NO SWEAT FOR FOGGY WINDOWS

Q  -  We have several newer double-pane windows that always fog up between the glass.  Some people tell me it’s because of a bad seal on the edge and the whole window needs to be replaced, others say we can just replace the glass and not the frame.  What’s the deal???  We also have had a problem with condensation on the inside that runs down and rots the wood frame on some of our older windows.

 

A  -  Windows don’t cause condensation. They just prevent the moisture in the home from escaping to the outside.You may think I’m all wet, but I’ve decided to talk about condensation, only because I receive a lot of questions about foggy windows in the winter.

I often get calls from homeowners who are concerned that their windows are ‘sweating’ or leaking either inside or outside the home because they see moisture on the glass.

It’s important to know the difference between condensation on the glass and between the glass panes of the window.

If you see moisture, fogging or cloudiness between the panes of glass in your window, this indicates that the seal of your window has failed and it’s time to get a new window.  Failed seals lack the energy efficiency and features necessary to help you keep energy bills low and enjoy comfortable living in your home.

If the inside glass surface on double- or triple-glazed windows show excessive moisture, you can be reasonably sure that the moisture is also collecting on your walls and ceilings. This means you should take steps to reduce the humidity level in your home by using exhaust fans and dehumidifiers.
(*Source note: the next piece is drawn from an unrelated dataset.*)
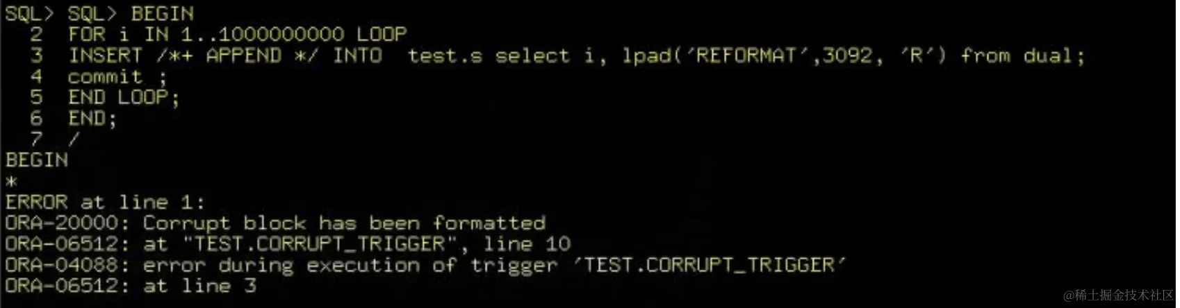 RAISE_APPLICATION_ERROR(-20000, 'Corrupt block has been formatted');

A lot of the water vapor is created by the inhabitants.

A family of four can add a half pint of water vapor every hour to the home just through normal breathing and perspiration. And, if you take a five-minute shower, you produce another half pint of water vapor. Even the simple act of cooking dinner on a gas stove can produce two and a half pints of water vapor.

Water vapor is part of our lives and our homes. To help control the amount of condensation in the home, here’s a short list of things to consider:

Use kitchen and bathroom exhaust fans.

If you have a humidifier, set it to the correct outside temperature.

If your home is overly humid, or if you have a damp basement, use a dehumidifier.

Properly vent clothes dryers, gas appliances and stoves.

Open a window in the bathroom.

Make sure your attic, basement and crawl spaces are well-ventilated and free from obstructions.

Store firewood outside. Freshly cut wood can consist of up to 45 percent water, which adds water vapor to the home. Even well-seasoned firewood generally has a 20 percent to 25 percent moisture content.

Open curtains and blinds to allow more air circulation around your windows.